The Chinese and English Markdown, HTML, and PDF reports are rendered from the same `report.canonical.json`, so paper lists and conclusions stay aligned.

Local corpus input is supported with `--user-corpus <file-or-dir>` for PDF, BibTeX, RIS, Markdown, and text files.

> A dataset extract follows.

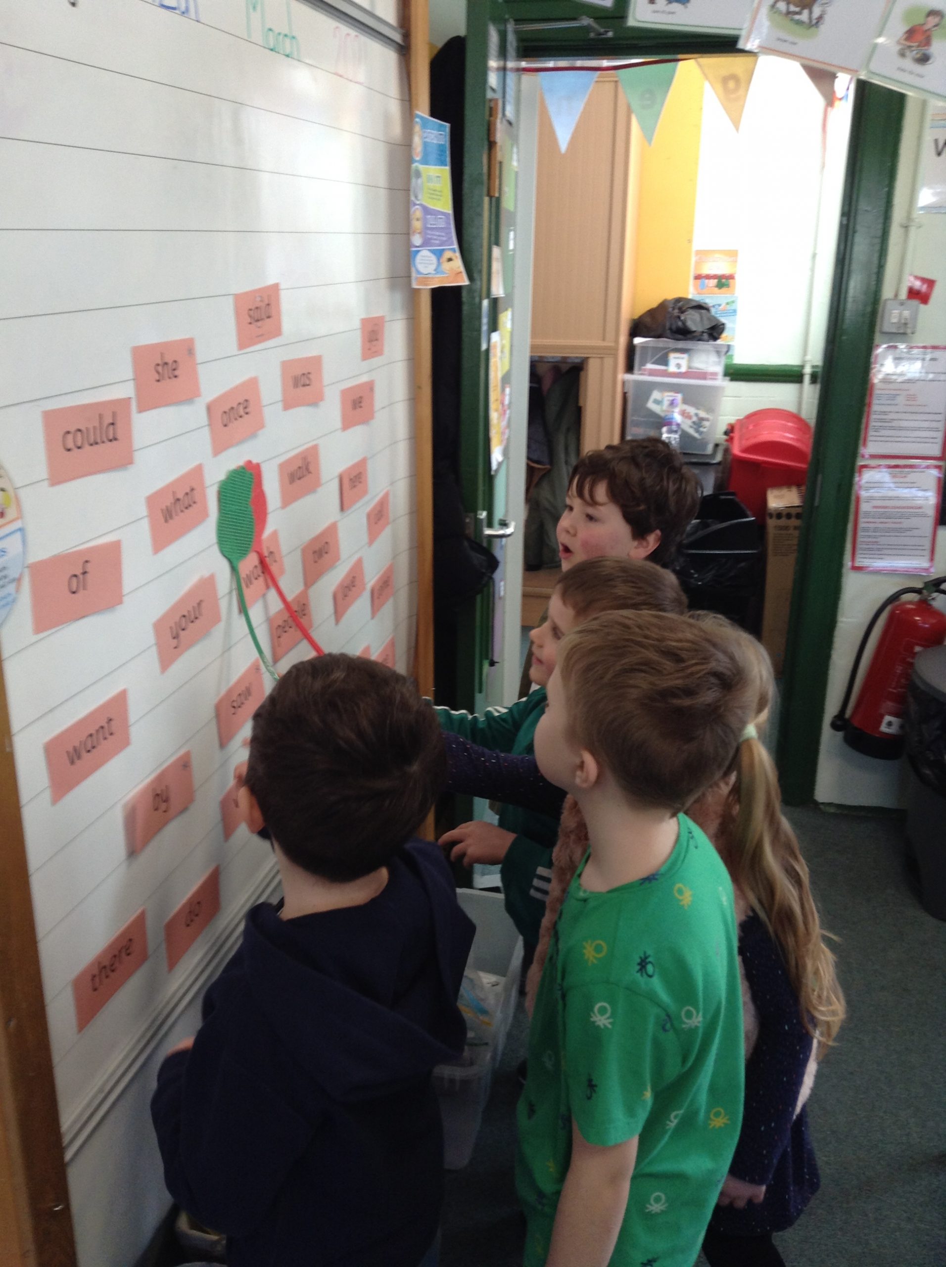 After ditty books, the next stage is storybooks. These books are closely matched to their developing phonic knowledge. The storybooks consist of green words linked to the sounds that they have been learning, red words and challenge words to extend the children’s vocabulary. After children have practiced these words individually they are prepared to see them in context in the story.

User corpus entries are logged in `user_corpus_log.json`; skipped files include reasons instead of being silently dropped.

## GitHub Filter

```bash
literature-agent "retrieval augmented generation" --auto-confirm --github-filter required
```

- `any`: keep all papers and annotate code availability.
- `required`: the final report view keeps papers with a detected public code link; the full screened corpus is still saved.
- `none`: keep papers without detected public code links.

## v1.0 Quality Layer

- `prompt_manifest.json` records versioned prompt roles and required JSON keys.
- `registries.json` records the built-in ToolRegistry and CapabilityRegistry.
- `events.jsonl` records stage start/progress/completion events for inspection.
- `protocol.json` records research question, inclusion/exclusion rules, sources, and negative keywords.
- `corpus.json` stores every screened paper with `core`, `adjacent`, or `exclude` decisions.
- `verification.json` records DOI, URL, PDF, and code confidence status.
- `quality_gate.json` emits `pass`, `retry`, or `needs_user_attention`.
- `evidence_ledger.json` maps report-level claims to paper citations or `MATERIAL GAP`.
- `review_agent_findings.json` records SourceVerifier, RelevanceJudge, CitationCompliance, and Devil's Advocate checks.
- `literature_matrix.json` and `synthesis.json` support APA-style reports with evidence limits and AI disclosure.
- Reports include a real review narrative: field background, method families, representative paper summaries, method comparison, trends, and open questions.